Section-by-Section Guidelines

Title

Formula: [Method/Approach] for [Problem/Setting]

Examples:

"Efficient Estimation of Natural Direct and Indirect Effects"
"Double Robust Inference for Mediation Analysis with Unmeasured Confounding"
"A Semiparametric Approach to Sequential Mediation Analysis"

Tips:

Lead with the contribution (method name or key concept)
Include the setting/problem
Avoid jargon unless widely known
Keep under 15 words

Abstract

Structure (150-250 words):

[1-2 sentences: Problem/motivation] [1-2 sentences: Gap in existing methods] [2-3 sentences: Our contribution/approach] [1-2 sentences: Key results - theory + empirical] [1 sentence: Implications/availability]

Example:

Mediation analysis is fundamental for understanding causal mechanisms in health research. Existing methods for sequential mediation assume correctly specified parametric models and cannot accommodate high-dimensional confounders. We develop a doubly robust estimator for sequential mediation effects that remains consistent when either the outcome or mediator models are correctly specified. We derive the efficient influence function and show our estimator achieves the semiparametric efficiency bound. Simulations demonstrate substantial efficiency gains over existing approaches, particularly under model misspecification. We apply our method to study the pathway from childhood adversity through inflammation to adult depression using MIDUS data. Software is available in the R package medrobust.

Introduction

Structure (4-6 paragraphs):

Paragraph 1: Problem and Motivation

State the scientific problem
Why does it matter?
Concrete example/application

Paragraph 2: Existing Approaches

What methods exist?
What do they accomplish?
(Be fair and accurate)

Paragraph 3: Gap/Limitation

What can't current methods do?
Why is this a problem?
Make the need compelling

Paragraph 4: Our Contribution

What do we propose?
How does it address the gap?
Key properties (robust, efficient, etc.)

Paragraph 5: Results Preview

What do we show theoretically?
What do simulations demonstrate?
What does the application reveal?

Paragraph 6: Paper Organization

"The remainder of this paper is organized as follows..."
Brief section-by-section overview

Tips:

Start broad, narrow to specific contribution
Cite 3-5 key papers per existing approach
Don't oversell or bash competitors
Be specific about contributions

Notation and Setup

Template:

\section{Notation and Setup} \label{sec:setup}

Let $O = (Y, A, M, X)$ denote the observed data, where: \begin{itemize} \item $Y \in \mathcal{Y}$ is the outcome of interest \item $A \in {0,1}$ is the binary treatment \item $M \in \mathcal{M}$ is the mediator \item $X \in \mathcal{X}$ is a vector of pre-treatment confounders \end{itemize}

We assume $n$ i.i.d. copies $O_1, \ldots, O_n$ from distribution $P$.

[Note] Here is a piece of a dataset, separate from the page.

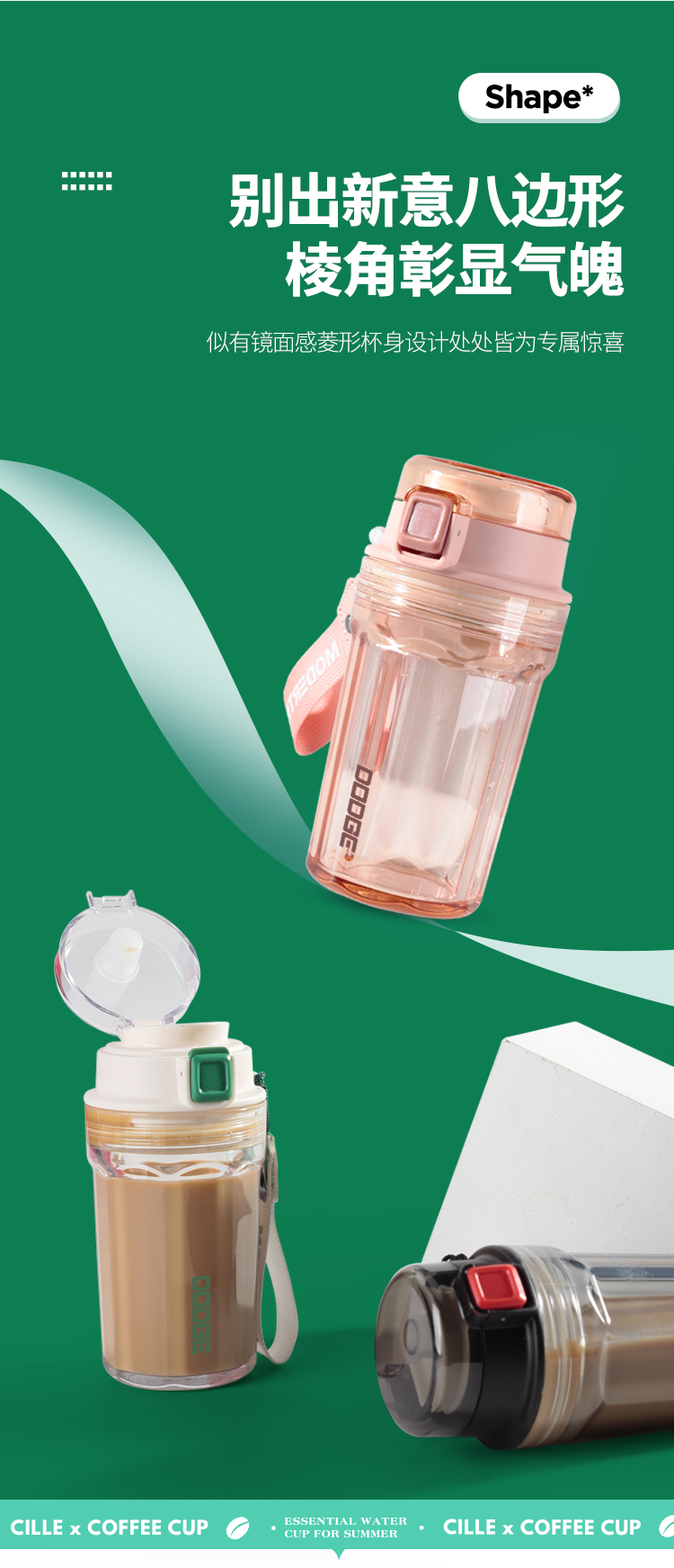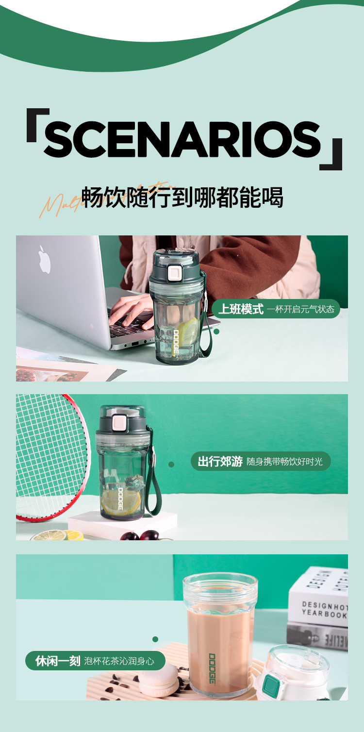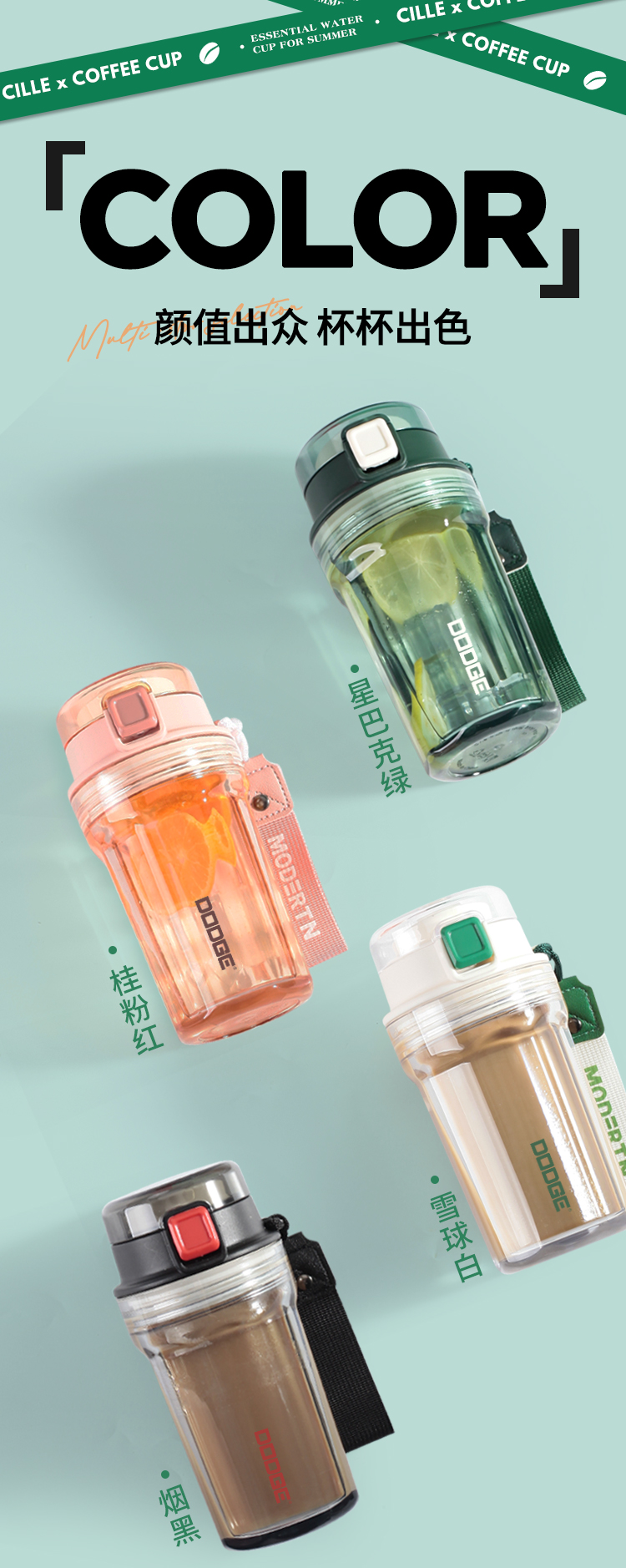 900ML小LOGO道奇律动运动塑料杯个性潮流带茶隔水杯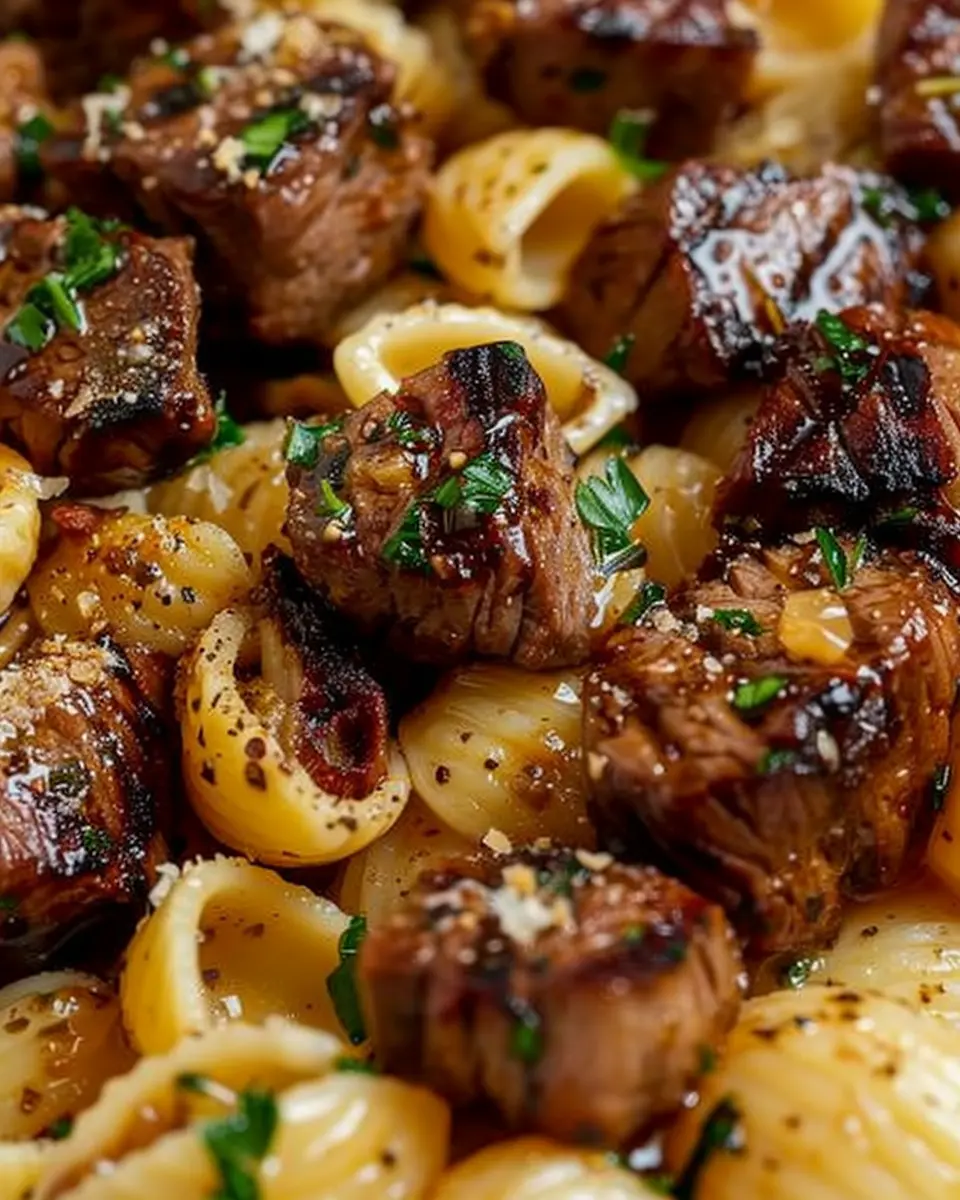 Introduction to Garlic Butter Steak Bites & Shell Pasta

\subsection{Causal Framework} We adopt the potential outcomes framework \citep{Rubin1974}. Let $Y(a)$ denote the potential outcome under treatment $A=a$, and $Y(a,m)$ the potential outcome when treatment is set to $a$ and mediator to $m$.

Tips:

Define ALL notation before use
Use consistent notation throughout
Follow field conventions (VanderWeele for mediation)
Keep notation minimal but precise

Identification

Structure:

\section{Identification} \label{sec:identification}

\subsection{Target Estimand} Our target estimand is [precise definition with formula].

\subsection{Identification Assumptions} We require the following assumptions: \begin{assumption}[Consistency] \label{A:consistency} $Y = Y(A, M)$ and $M = M(A)$. \end{assumption} [... additional assumptions ...]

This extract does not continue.